To cope with the sheer volume of applications, USCIS raised fees effective July 2007 and invested in new technologies. Digitization of more records and an expansion of the
E-Verify system, which employers use to check the immigration status of workers, has helped the department run more efficiently.

Technology is also generating new ways to connect immigration officials with applicants and the greater public. The bureau’s Web site features an online journal, which is a blog-like space where USCIS officials post comments and respond to questions. The online space became a forum for robust debate following the publication of a
New York Times editorial in March 2008 that was highly critical of the outgoing USCIS director's handling of the spike in applications just before the fee hike went into effect.

“The director of the federal Citizenship and Immigration Services agency,
Emilio Gonzalez, is stepping down next month, leaving behind a gummed-up bureaucracy and perhaps a million empty promises,” the Times wrote. “That’s about how many people are stuck waiting to have their citizenship petitions approved by the agency, which was swamped last summer by a flood of applications that it failed to predict or prepare for.”

Gonzalez used the online journal space to rebut those charges.

“The fact is, last year we anticipated an application surge, and dedicated USCIS employees at our Service Centers worked hard and long hours to process the increased number of applications received before fees were raised in July,” Gonzalez
wrote. “As a result of their dedication, nearly 750,000 applications were processed in a record amount of time. Instead of commending this effort, the New York Times degraded it, suggesting ‘intentional disenfranchisement’ of Latino voters. That is both absurd and an insult to our workforce.”

New acting director Jonathan “Jock” Scharfen is credited by some observers with significantly denting the backlog he inherited, which totaled
3.4 million cases as of the end of 2003. Scharfen increased his staff, a move that coincided with the Federal Bureau of Investigation's own staffing increases in the division responsible for running the background checks on immigration applicants.
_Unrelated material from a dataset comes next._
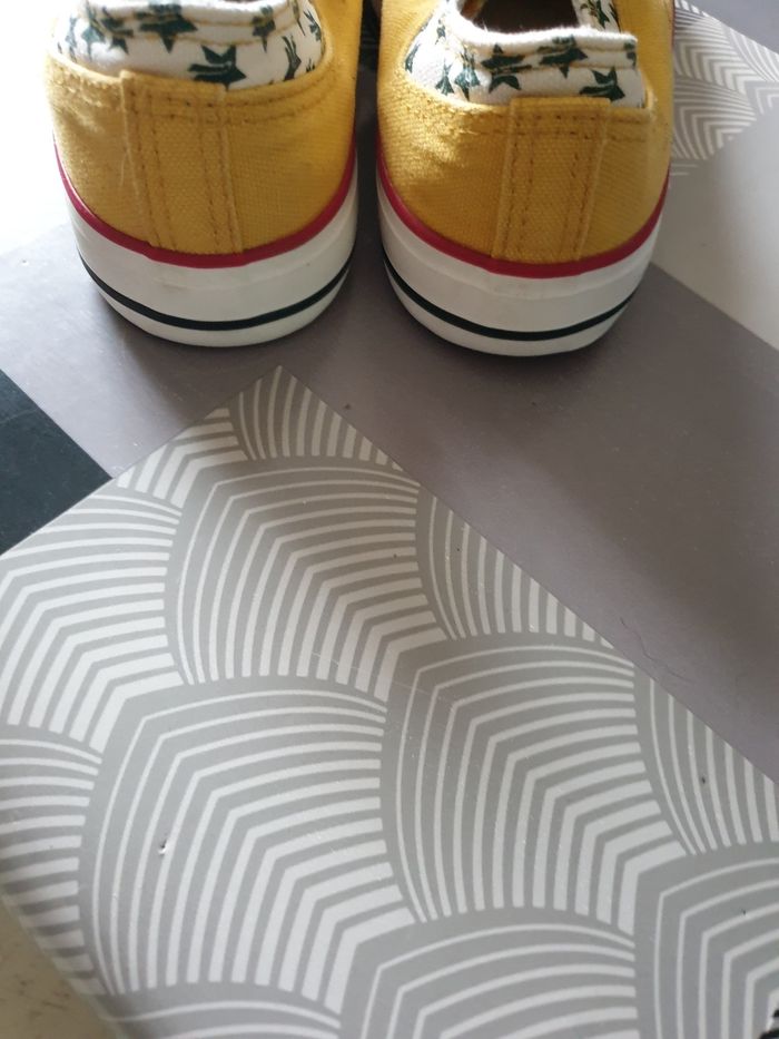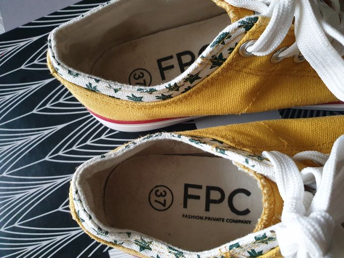 Jolie chaussure en toile jaune et blanc de marque fashion private company taille 37 très bonne état

"I can't say it enough that the leadership of Scharfen has really changed the direction of this agency and he's to be credited with some of these tremendous changes," Prakash Khatri, a former USCIS ombudsman, told
Government Executive in September 2008. "He recognized some of the things our office and others were saying and actually listened and made the changes that were necessary."
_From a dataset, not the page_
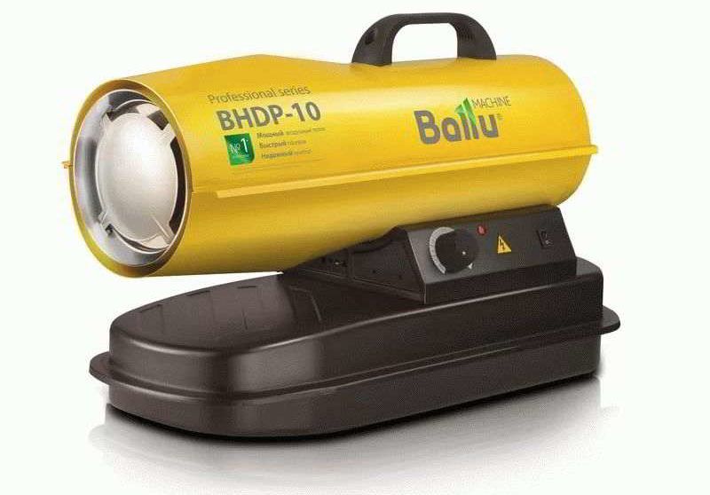 Dieselová pistole BaIIu BHDP-10 je vhodná pro vytápění a udržování tepla v nebytových prostorách nebo v místnostech s dobrým větracím systémem. Ohřeje až 100 m2. Jezdí výhradně na naftu. Příkon ventilátoru je 200 wattů. Teplovzdušná pistole s regulátorem teploty, díky kterému je udržována nastavená teplota. Hmotnost produktu 10 kg. K dispozici je rukojeť, pomocí které lze jednotku pohodlně přenášet. Cena je od 11 tisíc a výše.

The next director of the Bureau of Citizen and Immigration Services must continue to make inroads into the backlog, while still maintaining high security standards.



Key Relationships – Within the Department or Agency:

Secretary of Homeland Security
Military Adviser
U.S. Immigration and Customs Enforcement
U.S. Customs and Border Protection
Office of the Executive Secretariat

Key Relationships – Within the Government:

Social Security Administration
Federal Bureau of Investigation
Department of State
Congressional homeland security committees

Key Relationships – Outside the Government:

Foreign governments
Employers
Immigrants
Foreign students

Nomination Referred to:

Senate Committee on Homeland Security and Governmental Affairs

Current Position Profile:

1. Alejandro N. Mayorkas (Confirmed: August 7, 2009). Former United States Attorney, California - Central District, Executive Office for United States Attorneys, United States Department of Justice, William J. Clinton Administration. Member, Policy Committee, O'Melveny & Myers LLP.

Recent Position Profiles:

2. Jonathan “Jock” Scharfen, J.D. (Acting Director, 2008-2009). Deputy director of USCIS. Former chief counsel and deputy staff director of the House International Relations Committee. Retired Marine trial counsel and staff judge advocate. Served on the National Security Council.

3. Emilio T. Gonzalez, Ph.D. (2005-2008). Lawyer at the international law firm Tew Cardenas. Former director for Western Hemisphere affairs at the National Security Council. Served in the Army and as military attache to embassies in El Salvador and Mexico. Taught at West Point.